Когда началась война, он ходил бледный, притихший и постаревший. Мне казалось, он очень боится. Конечно, думал я, все боятся, но зачем же ходить таким несчастным. Народу в школе становилось все меньше — матери, деды и бабки увозили моих одноклассников в Сибирь и в Среднюю Азию. И стало уже привычным вчера еще незнакомое резкое слово «эвакуация».

Ну, а мы по-прежнему ходили на его уроки, где он тихим простуженным голосом рассказывал об отгремевших войнах, закончившихся победой русского оружия.

Но особенно дружно мы ходили на занятия по военному делу.

Раньше мы «сачковали», бегали с военного дела. Теперь же ходили все, кто остался в Москве: освобожденные и неосвобожденные. И хотя все мы были трезвые ребята и понимали, что фронта нам по возрасту не видать как своих ушей, занимались мы с таким старанием, с такой яростью, будто завтра же ждали повесток.

Военрук водил нас на стрельбище, там мы были тихие и важные, нам давали винтовки времен первой мировой войны, и мы целились, и руки у нас дрожали от ответственности и непривычки.

Однажды классный пришел на стрельбище. В этом не было ничего особенного, классные руководители еще до войны любили приходить и «инспектировать» нас. Но в тот раз он пришел не для этого и вовсе не глядел на нас. Он сидел в сторонке на какой-то старой шине и покуривал, хотя курить здесь строго воспрещалось. Военрук при нас не стал делать ему замечания. Классный курил папиросу с ваткой, которую клал в мундштук — против никотина. Неожиданно он встал, аккуратно погасил окурок, засыпав его песочком, и попросил у военрука винтовку. Военрук удивился и дал. Классный вышел на «огневую», повелительно махнул рукой кому-то из ребят, чтобы тот очистил место… Классный лег, устроился, дрыгнул ногами и по сигналу «пли!» выстрелил. Первый он промазал. Кто-то сдержанно засмеялся. Потом классный стал стрелять один, без команды военрука, и выбил сорок восемь из пятидесяти.

Мы пораженно молчали.

— Да вы ворошиловский стрелок! — сказал военрук.

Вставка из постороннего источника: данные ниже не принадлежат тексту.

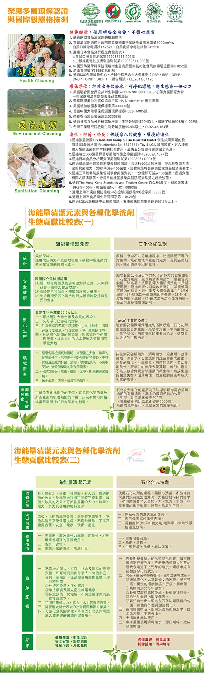 海能量硒能健康洗衣精全成分取自蘊藏於無汙染內陸海及高海拔陸地的珍貴礦物資源及萃取自漢方本草的植物精華,採用友善環境無毒無味零排放零污染的專業生產,符合國際CSR ESG的永續發展目標。

Классный не ответил, встал, отряхнулся, лицо у него было румяное, а глаза возбужденные, блестящие, и в них я не заметил того, что так часто замечал и чего не мог понять…

Через три дня мы узнали, что он записался в первую группу московского ополчения. Был он нездоров, у него были слабые легкие, он имел освобождение от воинской повинности — белый билет, и даже на смотревшую сквозь пальцы на все человеческие недуги комиссию ополчения он, говорят, произвел тяжелое впечатление.

Но он не изменил своего решения. На его последний урок пришло много ребят. Он был рассеян, что-то начинал рассказывать, потом забывал об этом, замолкал. Лицо у него было невыспавшееся, серое, как тетрадная обложка.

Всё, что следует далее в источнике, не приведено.